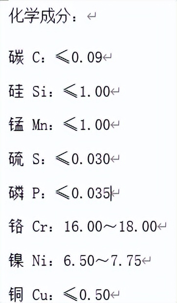 ⑹铬Cr:16.00~18.00,
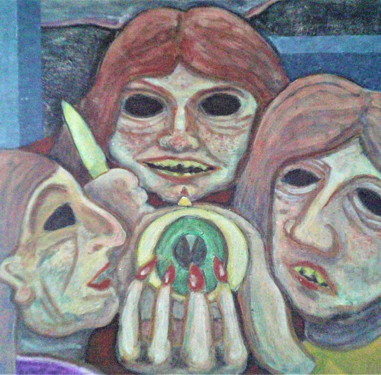 The Stygian witches shared one eye and one tooth ; this is my attempt to portray them . A one of a kind , original painting , painted from 'the imagination' on a sturdy 'canvas panel' .
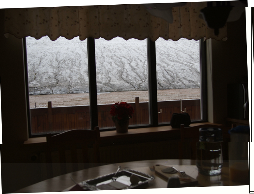 Vom Tisch aus habe ich einen schönen blick auf den Ost-Hang des Hrafnkelsdalurs. Seit gesternabend ist er mit eine sehr dünne Schneeschicht überzogen. Tagsüber taut dies alles meistens auf, bis die nächste grau-weisse Wolke sich leer schüttet und das Spiel wieder von vorne anfängt. Ich geniesse diesen Blick und auch den Komfort und Wärme dieses Hauses.

### WHAT IS BEING ASKED
Exactly as written, return each line above and leave the pictures behind.

### SOLUTION TO THE PROBLEM
 ⑹铬Cr:16.00~18.00,
 The Stygian witches shared one eye and one tooth ; this is my attempt to portray them . A one of a kind , original painting , painted from 'the imagination' on a sturdy 'canvas panel' .
 Vom Tisch aus habe ich einen schönen blick auf den Ost-Hang des Hrafnkelsdalurs. Seit gesternabend ist er mit eine sehr dünne Schneeschicht überzogen. Tagsüber taut dies alles meistens auf, bis die nächste grau-weisse Wolke sich leer schüttet und das Spiel wieder von vorne anfängt. Ich geniesse diesen Blick und auch den Komfort und Wärme dieses Hauses.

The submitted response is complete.